An Explainable Proxy Model for Multiabel Audio Segmentation
Théo Mariotte, Antonio Almudévar, Marie Tahon, Alfonso Ortega
TL;DR
This work tackles the need for explainable multilabel audio segmentation by introducing an explainable proxy model trained from a pretrained black-box teacher. The proxy uses non-negative matrix factorization (NMF) to map a learned embedding $\mathbf{H}$ to the frequency domain via a fixed or trainable dictionary $\mathbf{W}$, enabling segment- and class-level explanations through identified frequency bins. The training objective combines knowledge distillation, spectral reconstruction, and sparsity: $\mathcal{L}=\alpha\mathcal{L}_{KD}+\beta\mathcal{L}_{NMF}+\gamma\|\mathbf{H}\|_1$, with $\mathbf{X}\approx\mathbf{W}\mathbf{H}$. Experiments on Aragon Radio and DiHard III show that the WavLM-based proxy models achieve performance close to the teacher while offering strong explainability features, including local (segment-level) and global (prototype) explanations that map decisions to spectral components. This approach provides transparent, frequency-domain insights into multilabel segmentation with practical implications for auditing and trust in audio analysis systems.
Abstract
Audio signal segmentation is a key task for automatic audio indexing.
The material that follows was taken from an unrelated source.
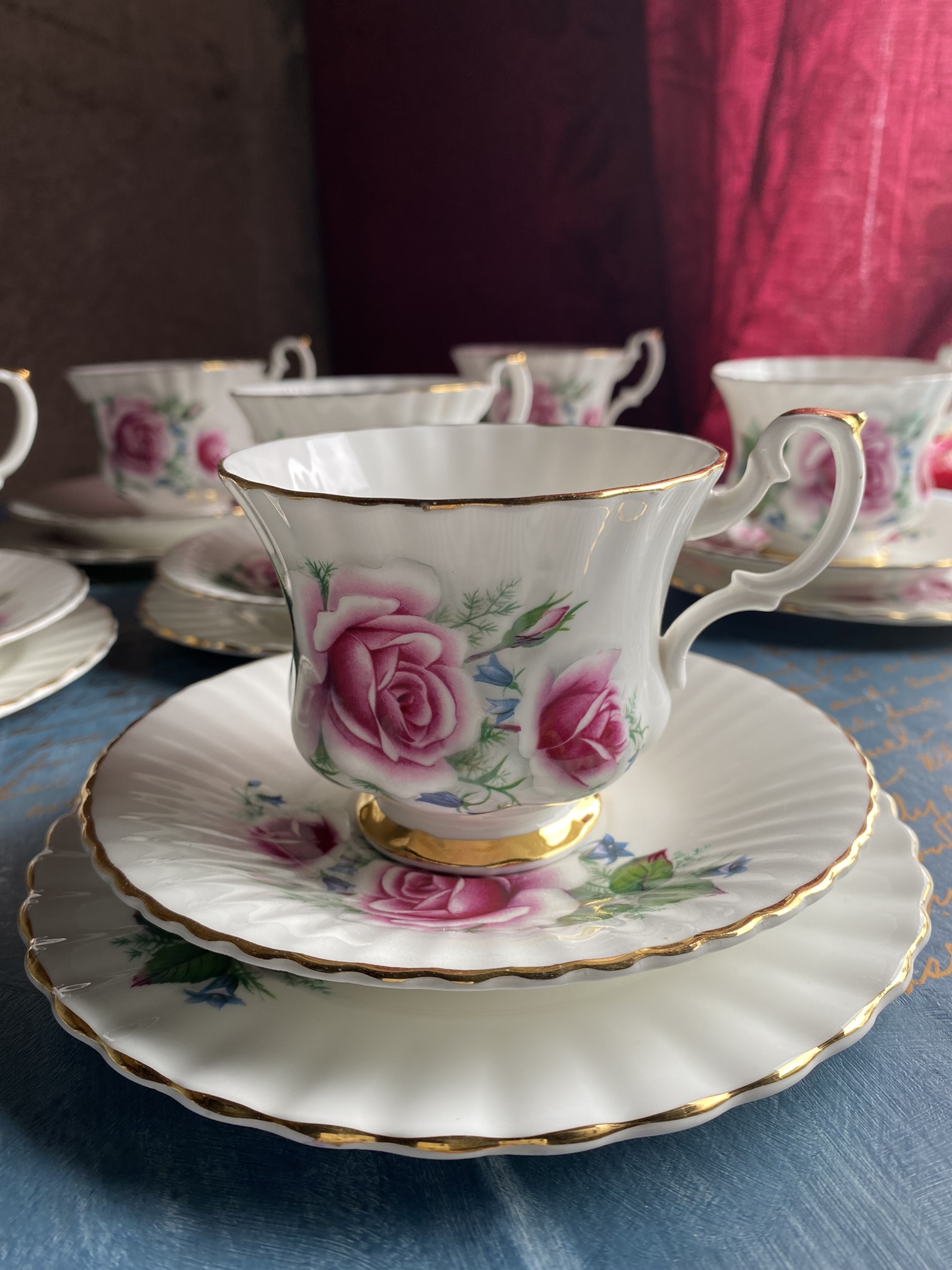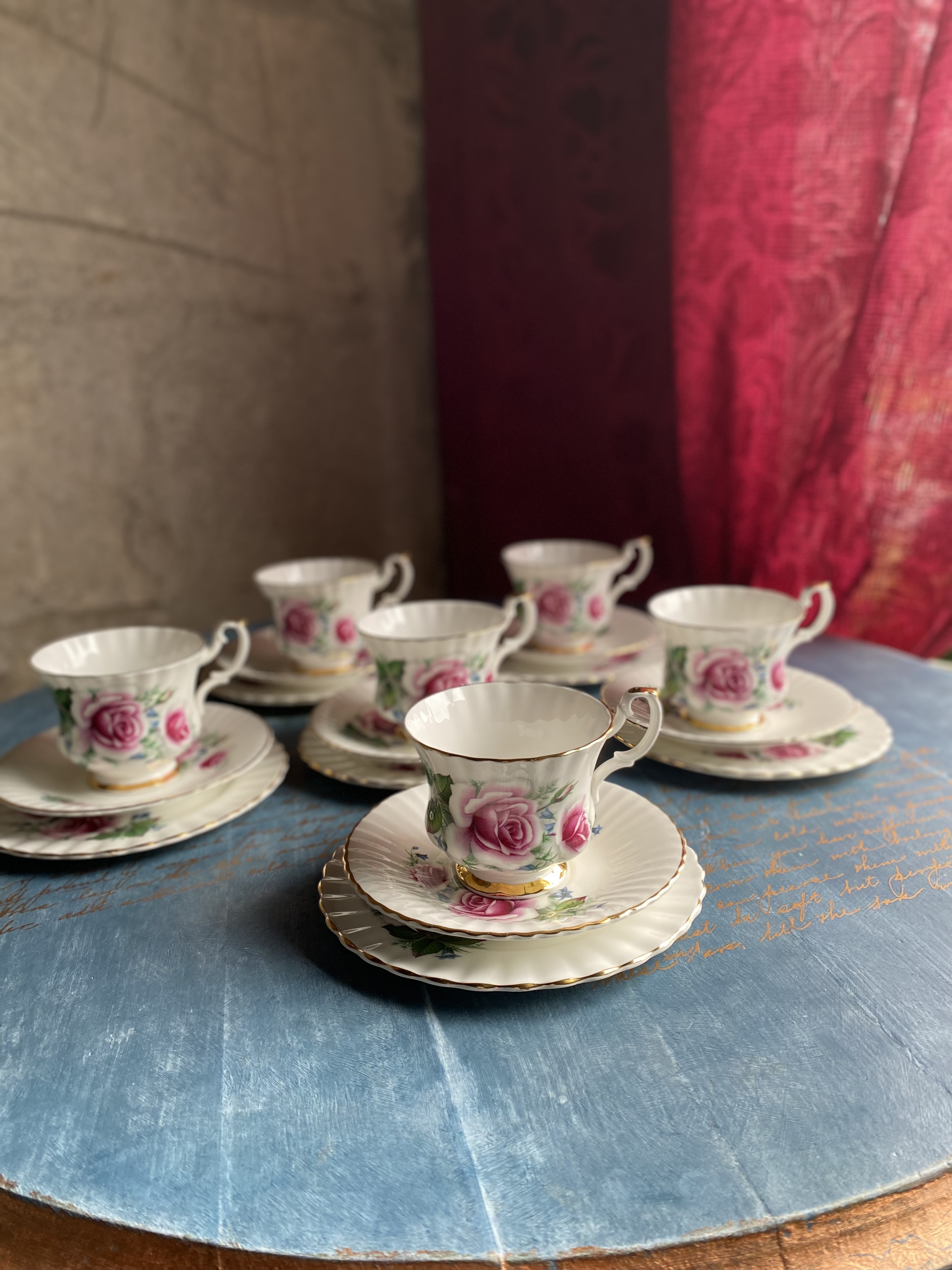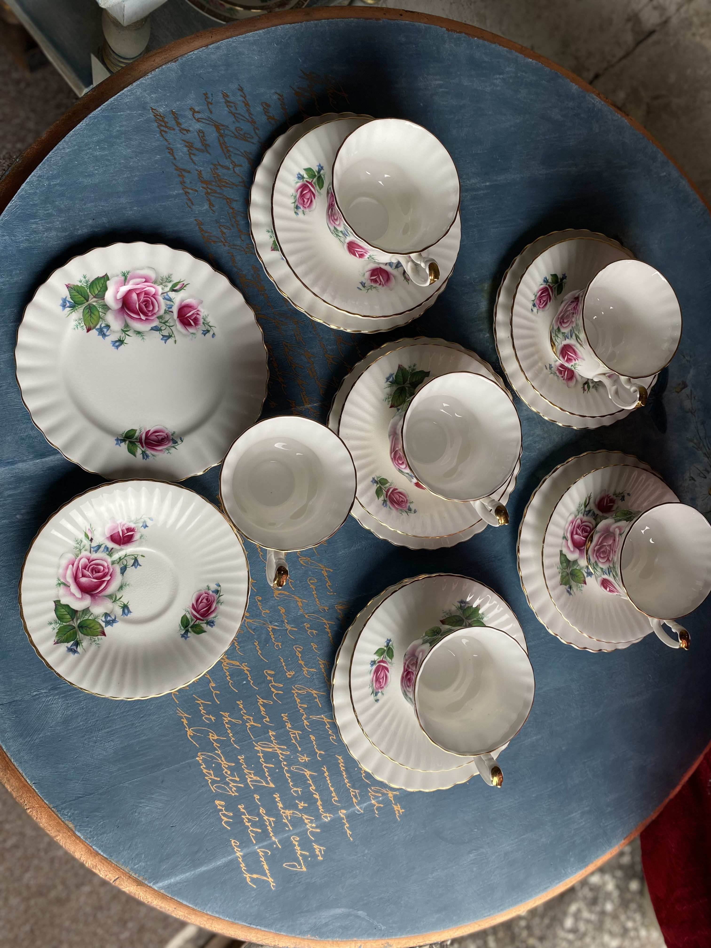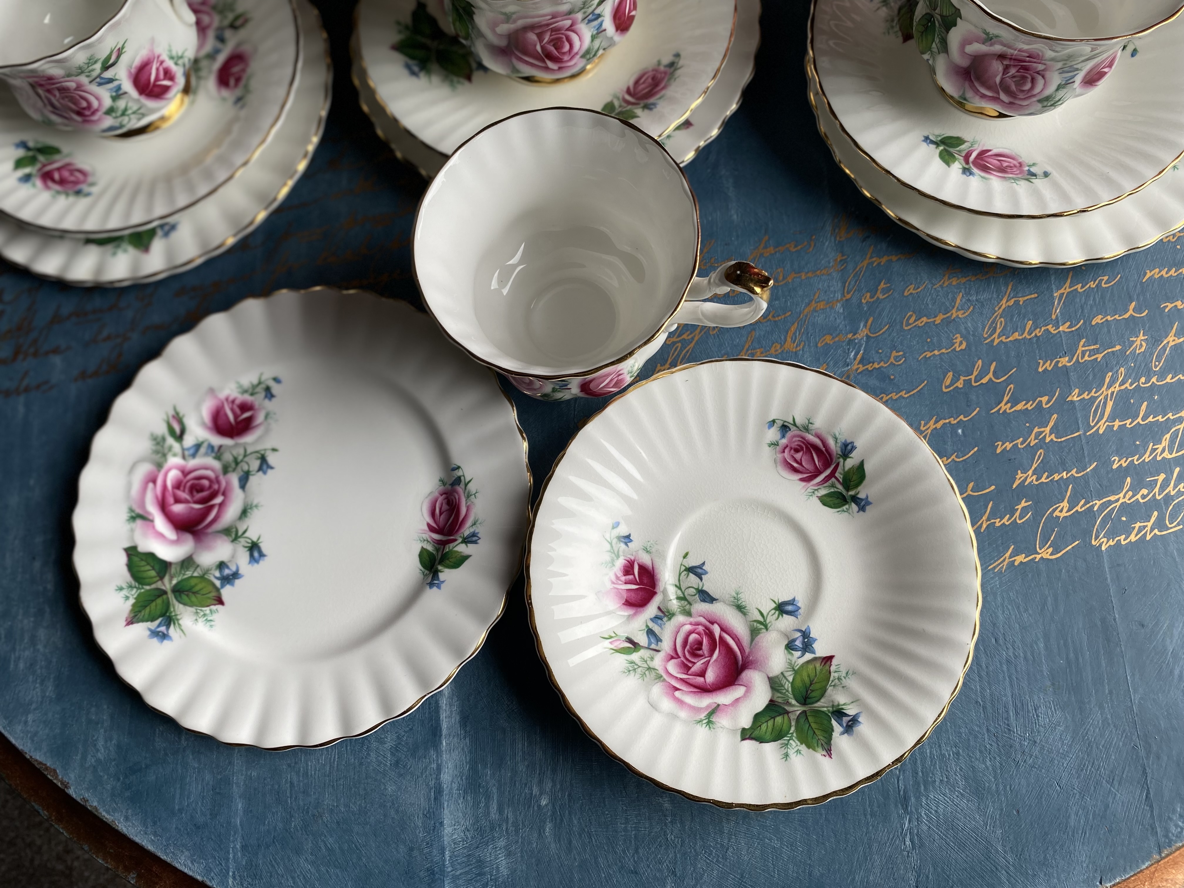 Klassikalise Inglise elegantsiga Royal Imperial teekomplekt, valmistatud Inglismaal Staffordshire’is. Kaunistatud roosade rooside, väikeste siniste õitega ja käsitsi kantud kuldse äärega. Reljeefse servaga taldrikud ja tassid.

It consists of detecting the boundaries of class-homogeneous segments in the signal. In many applications, explainable AI is a vital process for transparency of decision-making with machine learning. In this paper, we propose an explainable multilabel segmentation model that solves speech activity (SAD), music (MD), noise (ND), and overlapped speech detection (OSD) simultaneously. This proxy uses the non-negative matrix factorization (NMF) to map the embedding used for the segmentation to the frequency domain. Experiments conducted on two datasets show similar performances as the pre-trained black box model while showing strong explainability features. Specifically, the frequency bins used for the decision can be easily identified at both the segment level (local explanations) and global level (class prototypes).